In Brisbane's current rental market - vacancy at 0.9%, rents rising 8.5% annually, and properties leasing within days - a property manager's skill matters more than it has in years. When the market is tight, a good manager captures premium rents and locks in quality long-term tenants. A mediocre one underprices your property or cycles through difficult tenants, costing you far more than the 1% difference in management fee between good and average.
For a first-time investor, the property manager is the most important relationship you will build after your mortgage broker. This guide explains what to look for, what questions to ask, and the red flags that should send you elsewhere.
- 1.What property management fees look like in Brisbane
- 2.The questions to ask every property manager
- 3.What good property management looks like in practice
- 4.Red flags to watch for
- 5.Self-managing vs using a property manager
What property management fees look like in Brisbane in 2026
On a Brisbane unit renting at $650 per week, a 7% management fee is $45.50 per week - $2,366 annually.

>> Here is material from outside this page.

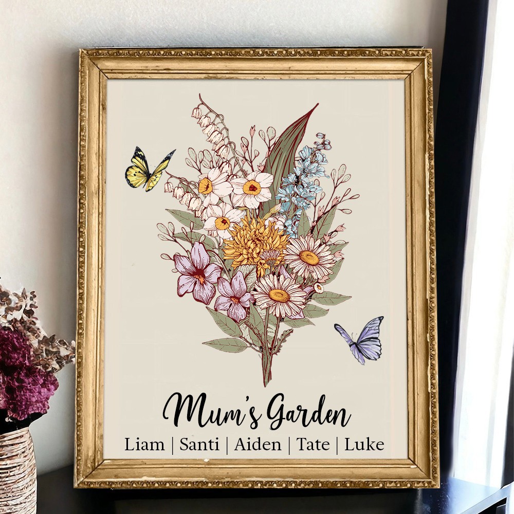 Personalised Grandma's Garden Birth Flower Bouquet Frame Sign with Grandkids Names Christmas Gift for Mum Grandma

A 10% fee is $65 per week - $3,380 annually. That $1,000 annual difference is significant, but fixating on the management fee percentage while ignoring the quality of service is one of the most expensive mistakes first-time investors make. A manager who keeps the property consistently tenanted and commands market rent will outperform a cheap manager who has high vacancy and below-market rent every time.
The questions to ask every property manager before you appoint them
What good property management looks like in practice
| Metric | What it includes | Typical result |
|---|---|---|
| Rental pricing | Good: reviews rent at every lease renewal using comparable data. Poor: leaves rent unchanged year after year. | Key differentiator |
| Vacancy | Good: markets property 6-8 weeks before lease expiry. Poor: lists the day after tenant vacates. | Key differentiator |
| Tenant selection | Good: verifies employment, references, and rental history. Poor: fills vacancy quickly without thorough checks. | Key differentiator |
| Maintenance | Good: preferred trades, competitive rates, keeps you informed. Poor: expensive contractors, slow response. | Key differentiator |
| Inspections | Good: 4x per year with written photographic reports. Poor: minimal inspections, no written records. | Key differentiator |
| Communication | Good: proactive updates, responds within 24 hours. Poor: hard to reach, reactive only. | Key differentiator |
| Rent arrears | Good: day 1 contact, formal process by day 7. Poor: weeks before action, lets arrears build. | Key differentiator |
Red flags to watch for
Be cautious of any manager who cannot tell you their current vacancy rate, who handles more than 200 properties per manager, who charges a maintenance markup on top of trades invoices, who cannot provide recent comparable rental data for your suburb, or who pressures you to sign before you have asked all your questions. The management agreement is a legal document - read it in full before signing, and check the notice period required to change managers if the relationship does not work out.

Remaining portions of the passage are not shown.